03/28/2012 03:00:00 PM
Mike Hornick

SALINAS, Calif. — Demand for California strawberries hits its spring peak with the April 8 arrival of Easter. But supply, while sufficient, is just getting started.

Promotions will be high on grower-shippers’ wish lists.

“We’ve got a strong momentum and market all the way through the holiday,” Doug Lowthorp, salesman for Oxnard-based Deardorff Family Farms, said March 1.

“After Easter, it gets difficult. Then you’ve got five long weeks until Mother’s Day. Southern California will be coming on very strong at that point and you’ll need to do a lot of promoting to keep moving the fruit.”

Michelle Deleissegues, director of marketing for Red Blossom Farms, Los Olivos, wasn’t concerned.

“Supply levels will climb after Easter and Mother’s Day, but that is always peak strawberry season with consumers ready to really escalate their berry purchases,” she said.

Russ Widerburg, sales manager for Oxnard-based Boskovich Farms, said the runup to Easter went better than expected.

“Usually there’s a drop-off post-Valentine’s Day,” he said.

“The market’s held good at $12-14 on the (flats of eight) 1-pound clamshells. It’s a pleasant surprise.”

California had a mild winter. Temperatures were low enough to keep supply in check, but it took no knockout punch from freeze or flood. Yield per acre is up 10% over last year, Widerburg said. Together with solid East Coast demand and tapering Florida supplies, that created a real opportunity for the state’s grower-shippers.

“Strawberries are the only shining light for us and our competition, considering how bad vegetable markets are,” Lowthorp said.

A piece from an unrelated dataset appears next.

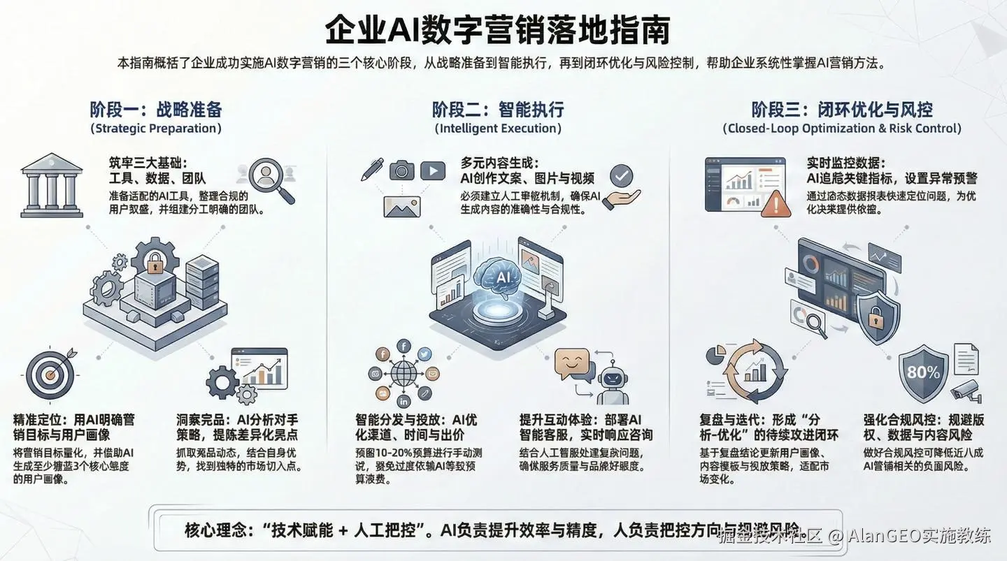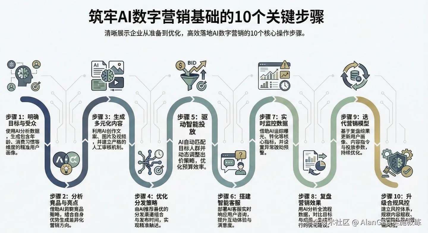 “企业利用AI进行数字营销不是盲目跟风,找对流程+控好风险才能放大效果。” 本文适配各行业企业,从准备到落地再到优化,拆解可直接复用的实操步骤,帮企业快速掌握AI赋能数字营销的核心方法。

“Celery and leaf lettuces are down to just packing costs.”

Easter supply is coming largely from Oxnard, but Santa Maria, Orange County and Coachella Valley are also participating, said Vinnie Lopes, Salinas-based vice president of sales for Naples, Fla.-based Naturipe Farms LLC.

In Watsonville and Salinas, harvesting starts anywhere from the last week of March to the second week of April, depending on which grower you ask. They have mixed feelings about the comparatively dry winter.

“Without rain it could be a good yield, or it could stunt your production a little,” said Charlie Staka, director of sales for Watsonville-based CBS Farms, which represents Beach Street Farms and Colleen Strawberries.

“Weather needs to do something for a market to take hold.”